Basic Obstacles to Advanced Prostate Cancer Treatment
Prostate cancer is the second most common cancer among those assigned male at birth with more than 250,000 new cases diagnosed in the United States each year.1,2 It’s also the second leading cause of cancer death in the U.S. for the same demographic—more than 34,000 each year.2
When the disease has not spread beyond the prostate or surrounding lymph nodes, the five-year survival rate is more than 99%.3 But, too often, those assigned male at birth are less likely to participate in their healthcare by going to a primary care physician, and they’re less likely to be aware of medical screenings that they should consider as they age.3
A 2021 survey found that 25% of all men didn’t even have a healthcare provider (among Latino men, the number was 42%)4 and one-third of men believed they didn’t need annual screenings, according to a separate national poll.5 Transgender women are also at risk of prostate cancer and those who haven’t had gender-affirming surgery and are not taking gender-affirming hormone therapy have the same risks as CIS gender men.6
Once diagnosed with aPC, patients may feel undervalued in the healthcare system, embarrassed by their diagnosis, or fearful that discussing their disease could affect their relationships and perceptions of their masculinity.7
“Financial and emotional distress, physical and mental ailments, geographic and social isolation, distrust, fear, and ignorance are just some of the common barriers to accessing timely healthcare that advanced prostate cancer patients face,” says Dan George, MD, Professor of Medicine and Surgery at Duke University School of Medicine.

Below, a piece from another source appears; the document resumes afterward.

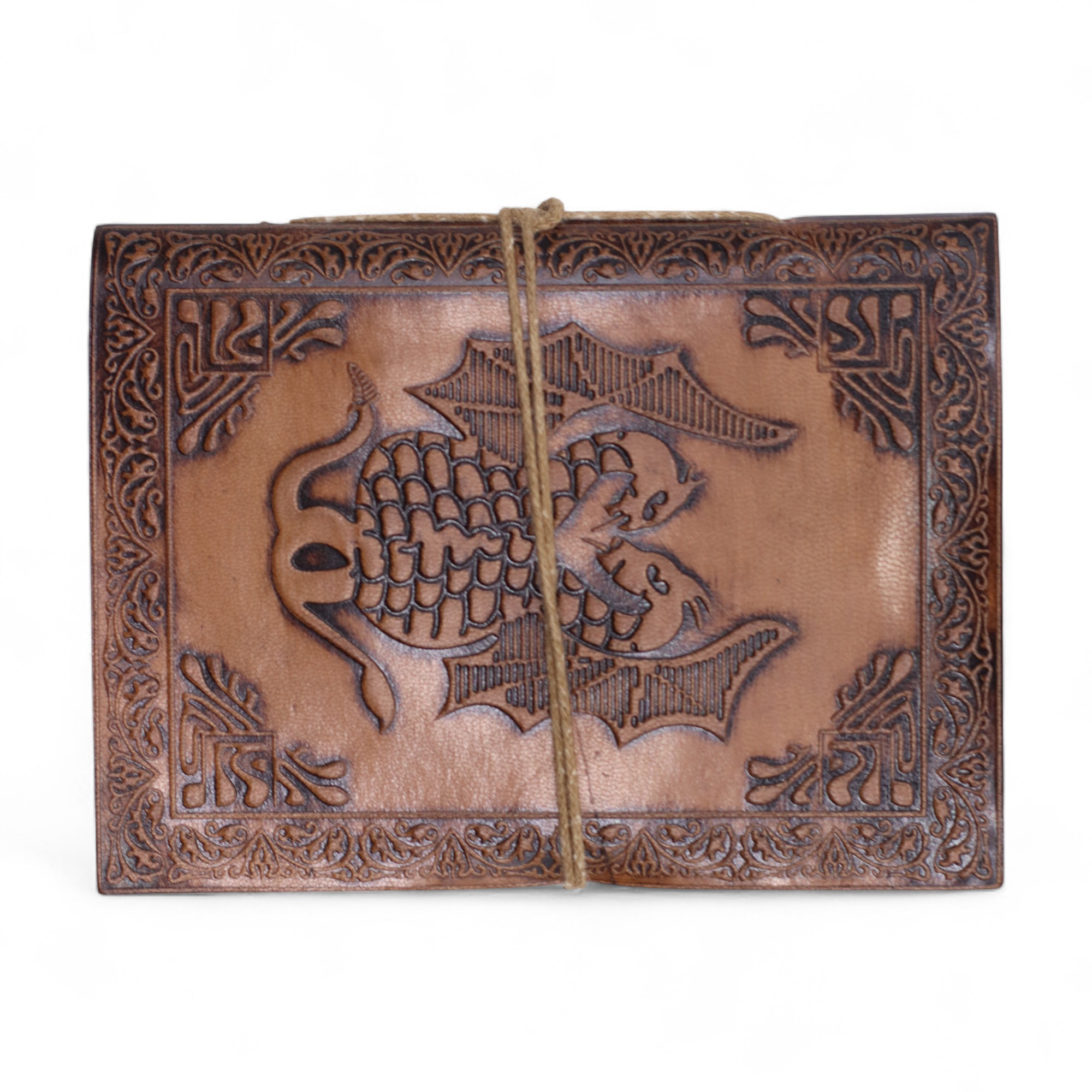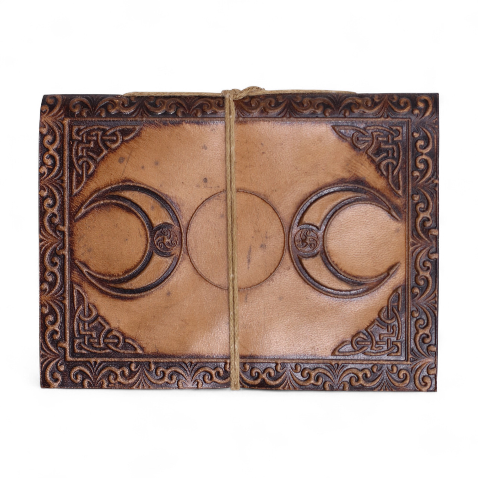 Varje anteckningsbok är handgjord av läder och präglad med mystiska och esoteriska symboler – från himmelska motiv till alkemiska tecken som representerar transformation och andlig tillväxt. Resultatet är en utställning som fängslar och inspirerar.

Access Barriers for Underrepresented Communities
To complicate matters, race, age, socioeconomic status, geographic location, and insurance status have been shown to play a role in treatment decisions and clinical outcomes for aPC.8
A 2017 survey conducted by researchers at the Brown University School of Public Health found that healthcare providers in the U.S. were the least likely to discuss the advantages and disadvantages of prostate cancer screenings with low-income, uninsured, or Hispanic patients.1
Separate research published in Family Medicine in 2022 found that fewer than 30% of physicians talked to Black patients about their prostate cancer risk. Yet Black patients have a higher incidence of prostate cancer and mortality rates that are more than double than that of white patients.9
Among those who are gay or bisexual, a diagnosis of aPC was linked to lower health-related quality of life—including worse urinary and hormonal function and higher rates of mental health disorders—compared to heterosexual people diagnosed with the disease.10
A link exists between socioeconomic status and aPC outcomes, as well. A lower income is associated with lower rates of prostate cancer detection, longer wait times for treatment, and poorer treatment outcomes, including higher mortality rates.11
Living in rural and disadvantaged areas was also associated with worse cancer outcomes. Rural residents diagnosed with aPC were less likely to receive treatment than those living in urban areas, and limited access to care, including the lack of a practicing urologist in 76% of rural counties in the United States, increased prostate cancer mortality rates.12
“Scientific advances are only truly impactful if the patients in need are able to receive the latest treatment when they need it,” says Dr. George.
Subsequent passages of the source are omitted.